旅に効く、台湾ごよみは、季節の暦(二十四節気)に準じて、暮らしにとけこんだ行事や風習などを現地在住の作家・栖来すみきひかりさんが紹介。より彩り豊かな台湾の旅へと誘います。最終回となる今回は、台湾と日本の複雑な歴史を紐解きつつ、レインボーカラーの旗のもとに集うプライドパレードの背景と希望について綴っていただきました。

ザビエルが見た十字架を背負うカニ

10月に入ると東北から吹き始める季節風「東北風タンパッホン」は、台湾各地にさまざまな気象をもたらす。北西部の新竹では「九降風カウカンホン」と呼ばれるからっ風が名産の干し柿やビーフンに吹きつける。台湾最南端の屏東恒春では、「落山風ルオスァンホン」という強い風が吹き始める。3~4千メートル級の中央山脈から、季節風が滑り台を降りるようにやってくるのだ。あまりに強い風のため、恒春では昔から目を病む人が多かったという。

海上を渡ってきた東北風は湿り気を帯び、基隆にじとじととした「基隆雨ケエランホオ」を連れて来る。ワタリガニのシーズンも到来し、基隆の友人が「そろそろ蟹の美味しい季節だよ!基隆に遊びにおいで」と連絡をくれる。

特に知られているのが「花蟹」、歌舞伎や京劇の隈取りを施したような柄の蟹で、日本ではシマイシガニという。特に甲羅のまん中に十字があるのが特徴で、十字蟹、キリスト蟹と呼ぶ地域もあるらしい。実はこの蟹の十字にはこんな逸話がある。

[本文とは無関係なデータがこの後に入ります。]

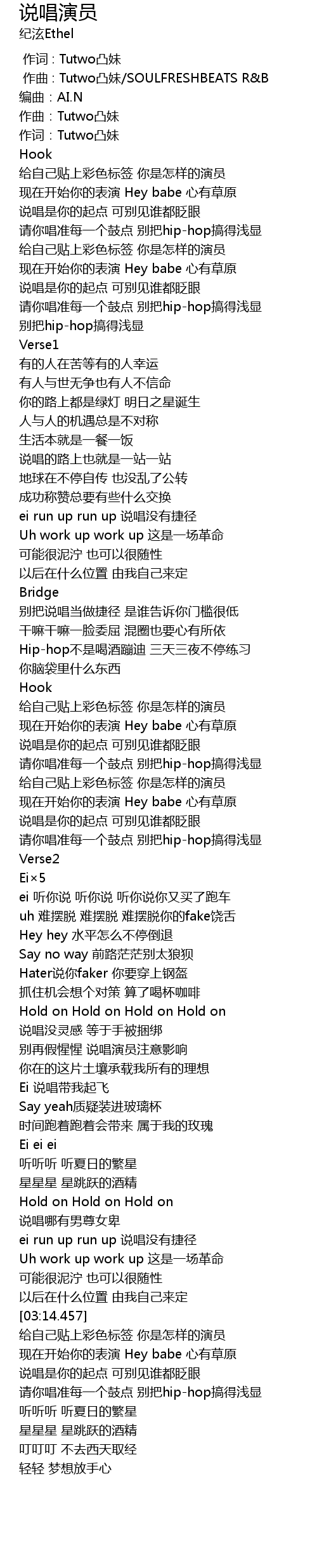 | [02:45.116] | 别再假惺惺 说唱演员注意影响 |
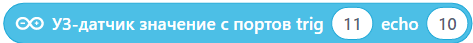 Для корректной работы программы необходимо указать значения trig и echo. Так если мы подключаем датчик к порту 1, то при использовании данного блока в поле trig необходимо указать «11», а в поле echo «10».
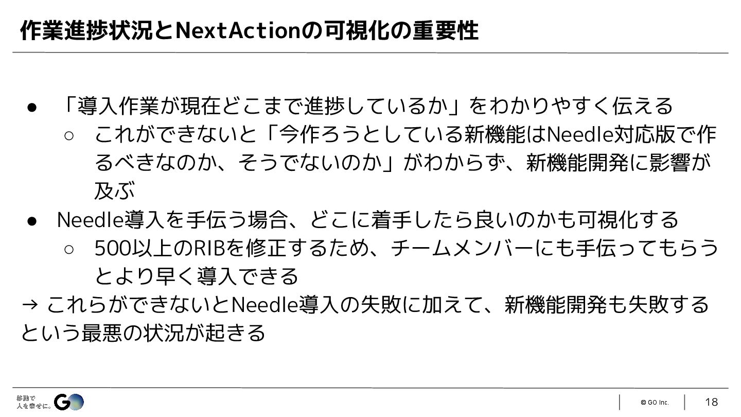 © GO Inc. • 「導入作業が現在どこまで進捗しているか」をわかりやすく伝える ◦ これができないと「今作ろうとしている新機能はNeedle対応版で作 るべきなのか、そうでないのか」がわからず、新機能開発に影響が 及ぶ •

日本に初めてキリスト教を伝えたスペインのフランシスコ・ザビエルは、インド南部への布教の際、海の時化に巻き込まれる。荒れ狂う波のなか、ザビエルは船の上から十字架を海に向けて嵐が静まるよう祈るが、十字架の鎖がちぎれて海に落ちてしまう。その後、嵐は収まりザビエルはとある海岸に上陸する。凪いだ波の打ち寄せる浜辺でザビエルが見たのは、背中に十字架の模様を背負って歩いている蟹であった。ザビエルは感謝し、膝をついて蟹の甲羅に口づけしたという。

「霧社事件」が織りなす複雑な紋様

10月27日は、霧社事件が起こった日だ。

霧社地区に暮らすセデック(Seediq/Sediq/Sejiq)は、以前はタイヤル族の一部として統治者に「分類」されてきたが、2008年にその文化の独自性が認められ、台湾政府から第14番目の台湾原住民族(原住民は台湾における先住民の正式名称)として認定された。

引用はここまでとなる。